Summary & Overview
CPT 16020: Dressings/Debridement for Partial-Thickness Burns
CPT 16020 describes the surgical-level service of dressings and/or debridement for partial-thickness burns, provided as either an initial or subsequent treatment. Nationally, this code captures a common outpatient wound-care procedure that affects burn care pathways across ambulatory practice settings and impacts billing workflows for clinicians who manage burn injuries in office-based environments. Key payers included in this analysis are Aetna, Blue Cross Blue Shield, Cigna Health, UnitedHealthcare, and Medicare. Readers will find a concise overview of what CPT 16020 represents clinically and administratively, guidance on typical sites of service and common billing modifiers, and context for appropriate ICD-10 diagnoses that are frequently billed with this code. The publication highlights practical billing considerations, common payer coverage patterns, and related CPT codes used for partial-thickness and deeper burn care. It also outlines areas where policy language or documentation expectations commonly influence reimbursement decisions. This summary is intended to inform clinicians, coding specialists, and revenue cycle staff about the clinical scope and payer landscape for CPT 16020 so they can align documentation and coding practices with prevailing coverage norms. Data not available in the input is noted where applicable.
CPT Code Overview
CPT 16020 covers dressings and/or debridement of partial‑thickness burns, either initial or subsequent. This code is classified under Surgery and describes procedures focused on wound care for partial‑thickness burns that require dressing changes and selective removal of devitalized tissue to promote healing. The typical site of service for CPT 16020 is the office (POS 11).
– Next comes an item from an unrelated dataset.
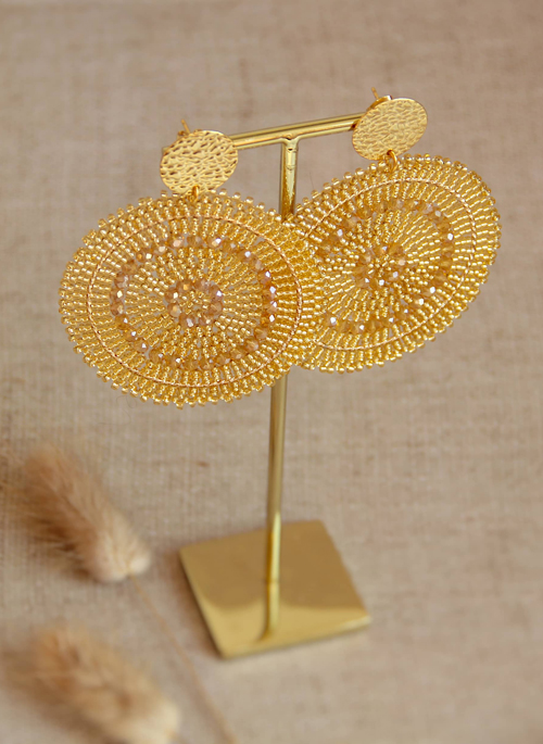 This stunning model is full of character! Reveal your personality with big colorful curls. The pearls and crystals are light and the jewel comfortable to wear.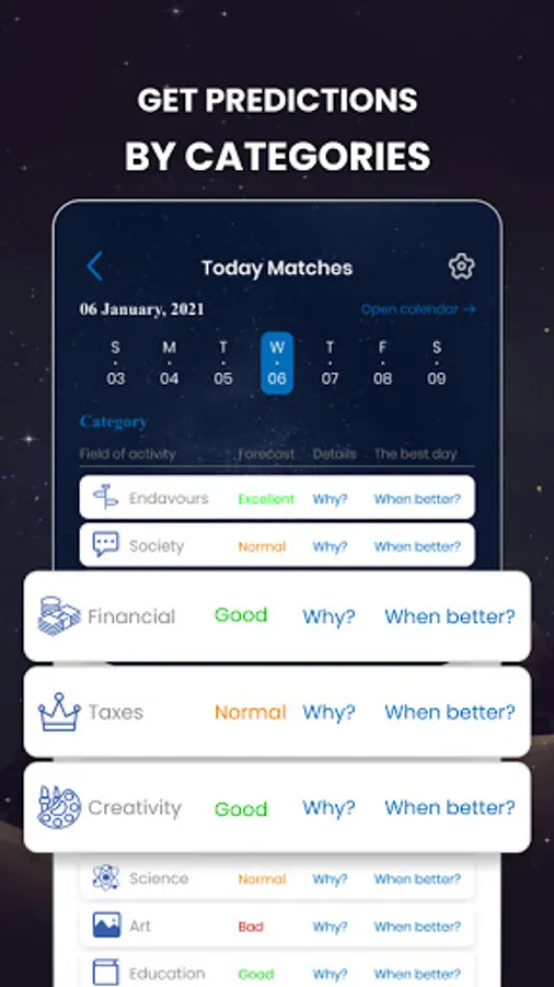 The app is free to select the three categories that are most relevant to the individual user. The app will evaluate prospects and opportunities in the selected categories in terms of the influence of the moon's energy. If you want to receive information about how favorable today's lunar day is for other categories, you can subscribe or watch the ads. There are about 20 categories available to explore, such as finance, job search, creativity, art, and many more.

Clinical & Coding Specifications
Clinical Context
A patient presents to an outpatient office with partial‑thickness burns requiring serial dressings and/or debridement. Typical presentations include second‑degree burns of the head, face, neck, trunk, shoulder/upper limb, or hand following thermal exposure. Initial evaluation documents burn depth, percentage of total body surface area, wound location, pain control, tetanus status, and plan for wound care. The clinician performs initial debridement or dressing application at the first visit and schedules follow‑up dressing changes in the office for wound assessment, repeat debridement as needed, and progression of healing. Documentation includes date and extent of each dressing/debridement, patient tolerance, wound appearance, and instructions given to the patient or caregiver.
Coding Specifications
Modifier 58 - Staged or Related Procedure or Service by the Same Physician During the Postoperative Period
- Use when a procedure is planned or staged and performed during the postoperative period of a prior procedure when the staging or related procedure is more extensive than routine postoperative care.
Modifier 76 - Repeat Procedure or Service by Same Physician or Other Qualified Health Care Professional
- Use when the same procedure is repeated subsequent to the original service by the same physician or other qualified healthcare professional on the same date or a later date.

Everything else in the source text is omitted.